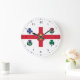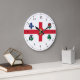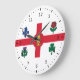 Relógio com a bandeira de Montreal, a cidade mais populosa da província de Quebec, Canadá. Uma bandeira branca com uma cruz vermelha, um pinho branco, uma Fleur-de-lys azul, uma rosa vermelha de Lancaster, uma shamrock, e um caroço
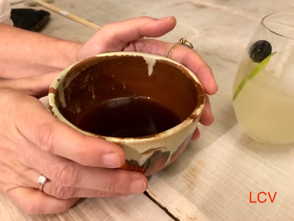 Comenzamos con una Sopa de cerdo con aleta de tiburón. Sabroso caldo con la sorpresa de la aleta al fondo que le da un interesante toque crujiente. Lo acompañamos de un cóctel llamado Perla negra, con toque frescos de jengibre, romero y cítricos.
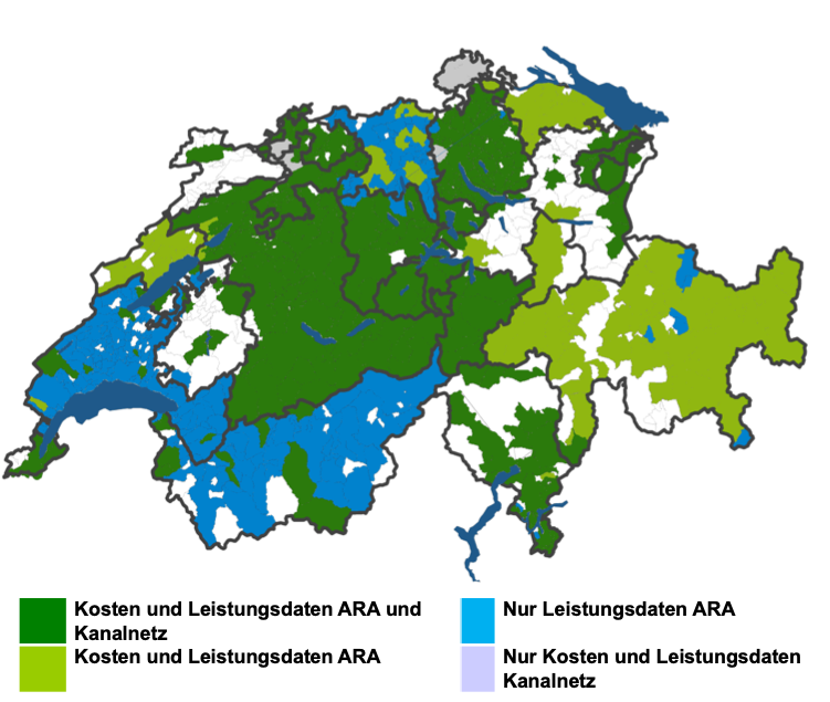 Erhoben werden die Daten nach den beiden Geodatenmodellen «ARA-DB» (ID 134.5) und «GEP» (ID 129.1). Die Erhebung 2020 wurde angestossen, damit 10 Jahre nach der letzten Erhebung (VSA und OKI, 2010.) die Entwicklung der technischen Anlagen und des Gewässerschutzes dokumentiert und verfolgt werden kann. Die Datenlieferung der Kantone beruht auf einer freiwilligen Basis, die Daten stehen jedoch immer mehr fast flächendeckend zur Verfügung:

**What you are asked to do:**
The exact lines from the one containing "Comenzamos con una" through the end of the data are to be copied, with both ends kept and pictures left out.

**Written response:**
 Comenzamos con una Sopa de cerdo con aleta de tiburón. Sabroso caldo con la sorpresa de la aleta al fondo que le da un interesante toque crujiente. Lo acompañamos de un cóctel llamado Perla negra, con toque frescos de jengibre, romero y cítricos.
 Erhoben werden die Daten nach den beiden Geodatenmodellen «ARA-DB» (ID 134.5) und «GEP» (ID 129.1). Die Erhebung 2020 wurde angestossen, damit 10 Jahre nach der letzten Erhebung (VSA und OKI, 2010.) die Entwicklung der technischen Anlagen und des Gewässerschutzes dokumentiert und verfolgt werden kann. Die Datenlieferung der Kantone beruht auf einer freiwilligen Basis, die Daten stehen jedoch immer mehr fast flächendeckend zur Verfügung:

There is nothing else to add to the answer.